Early versions of Barbie and G.I. Joe.
Early versions of Barbie and G.I. Joe.

Who needs plastic surgery when you’re made of plastic to begin with? Certainly not Barbie, the iconic doll that made its first public appearance in March 1959 at the American Toy Fair in New York City.

Barbie was created by Ruth Handler, who named the doll after her daughter, Barbara. And when it was time for Barbie to hook up with a male companion in 1961, Handler name Barbie’s new beau after her own son, Ken.

Mattel’s success with Barbie (and Ken, et al) spurred rival toy maker Hasbro to develop a similar doll for boys, though the company coined the term “action figure” knowing boys would shun any product referred to as a doll.

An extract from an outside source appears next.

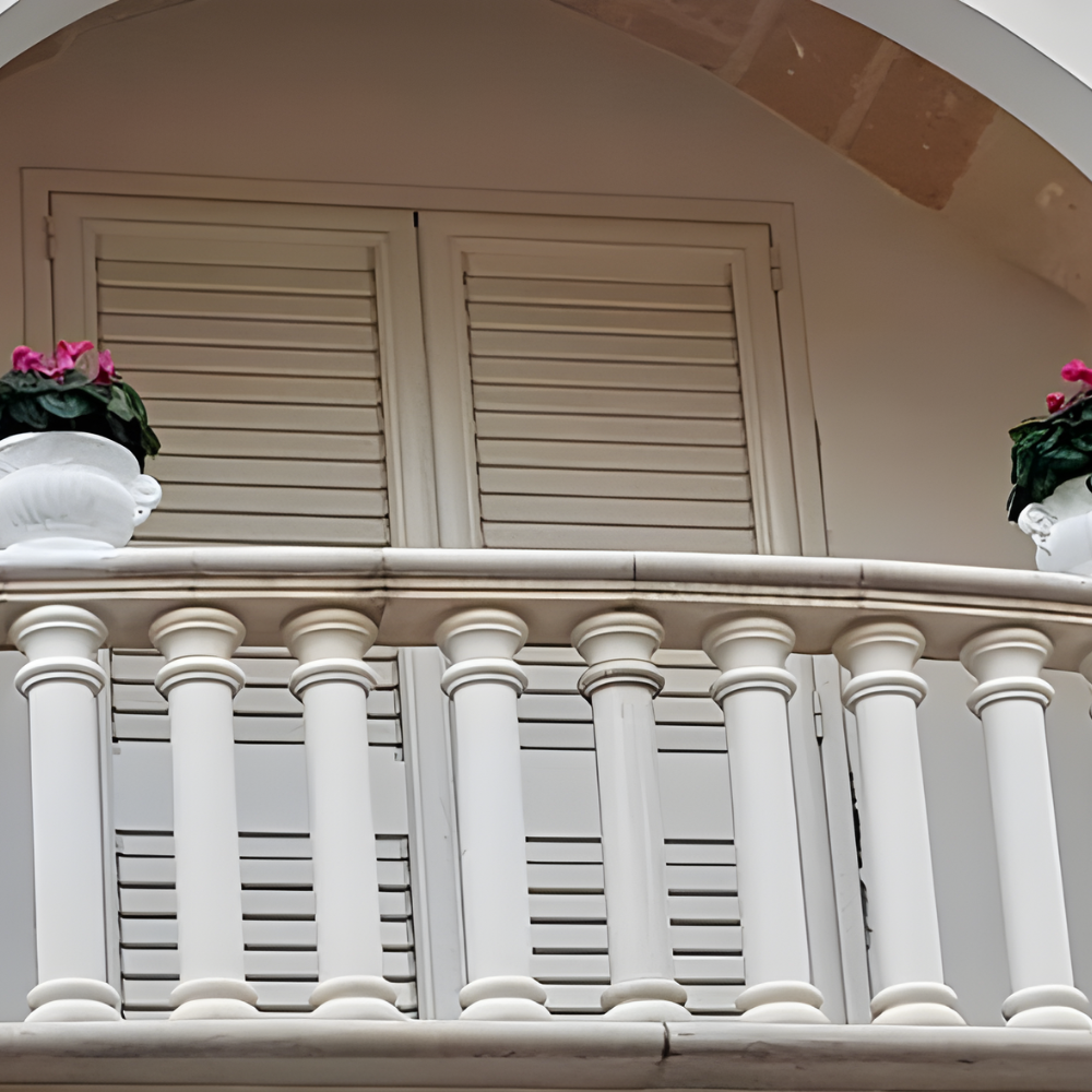 Le balaustre sono realizzate in un innovativo mix di cemento e resina, garantendo resistenza e durabilità senza la presenza di ferro all'interno. Questa scelta costruttiva previene problemi di corrosione, assicurando una lunga vita al prodotto in ambienti esterni e interni. Ideali per valorizzare ogni tipo di architettura con un tocco di eleganza contemporanea e solidità comprovata.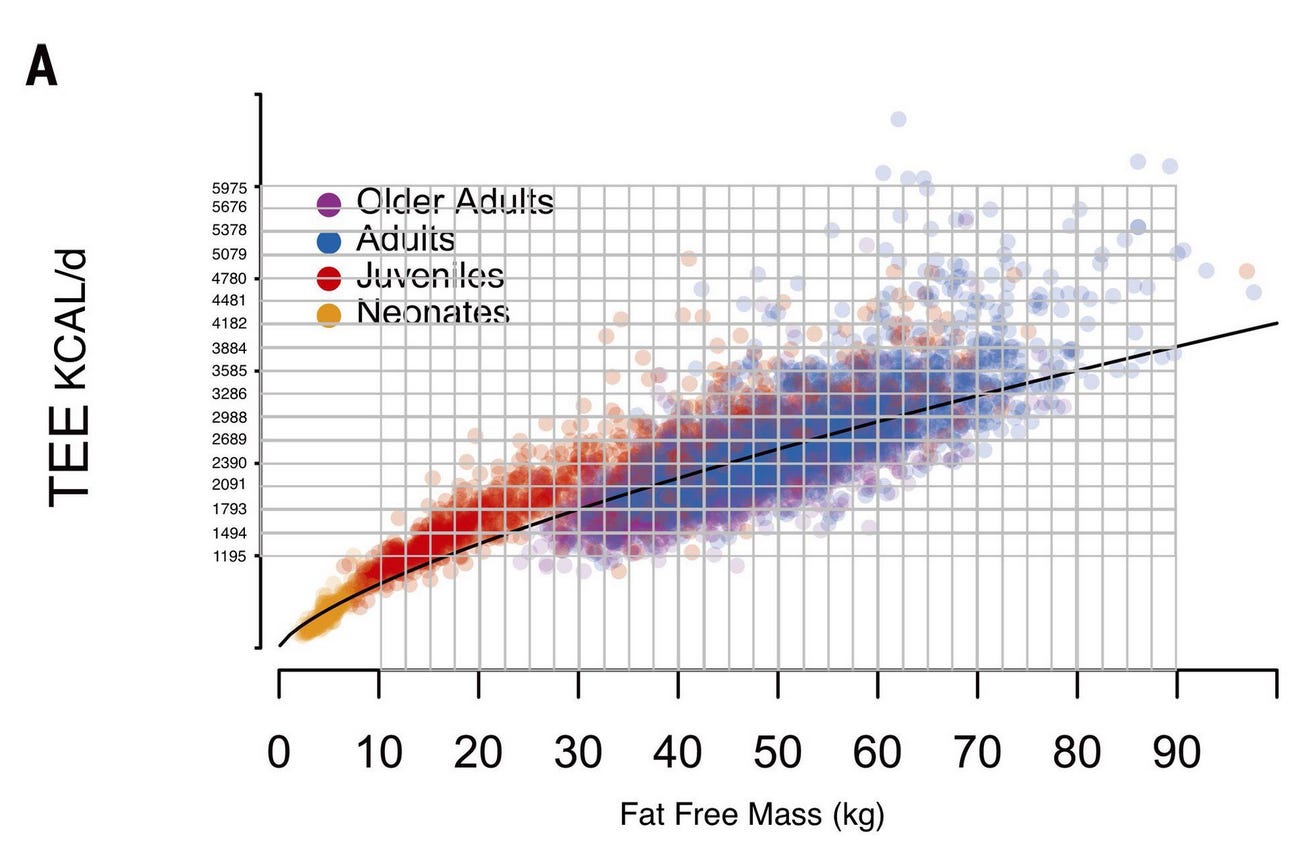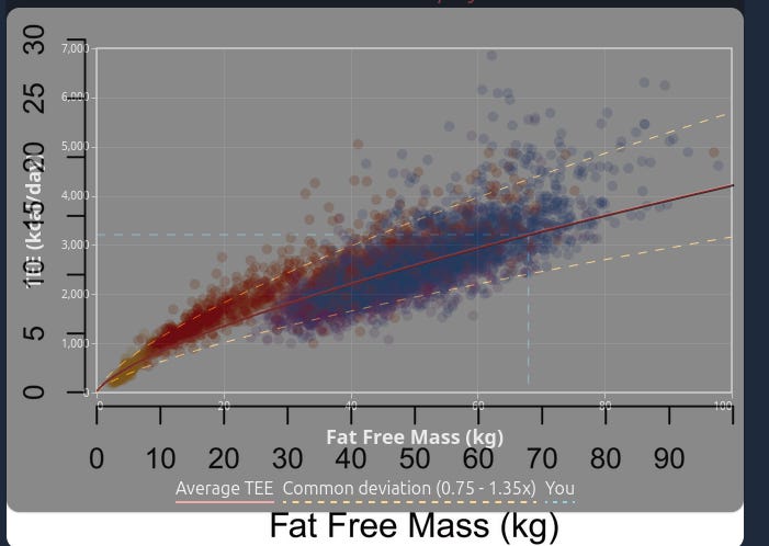 The red line is the exact same curve as in Pontzer’s study, and the blue dashed lines show where you are on it: connecting from your FFM on the X-axis to the expected TEE on the Y-axis.

Stan Weston and Don Levine created G.I. Joe in 1963 and, like Barbie, introduced it to the public at the Toy Fair in New York in February 1964.

Did you know?

  • Barbie’s real name is Barbie Millicent Roberts
  • When Barbie hit the store shelves soon after, she sold for $3. Today, collectors pay as much as $10,000 for an original Barbie in mint condition.
  • Barbie is from Willows, Wisconsin.
  • Barbie has four sisters: Skipper (introduced in 1964), Stacie (1992), Kelly (1995) and Krissy (1995)
  • The original G.I. Joe action figures were 11.5 inches tall.
  • The first G.I. Joe prototypes were named “Rocky” (the marine or soldier), “Skip” (the sailor) and “Ace” (the pilot). Levine eventually settled on the generic G.I. Joe moniker after watching the 1945 movie, “The Story of G.I. Joe.”
  • Hasbro introduced a G.I. Joe with “Kung Fu Grip” in 1974.
  • Levine’s hand-carved, wooden G.I. Joe prototype sold for $200,000 in 2003.
  • The number of G.I. Joes sold worldwide tops 400 million.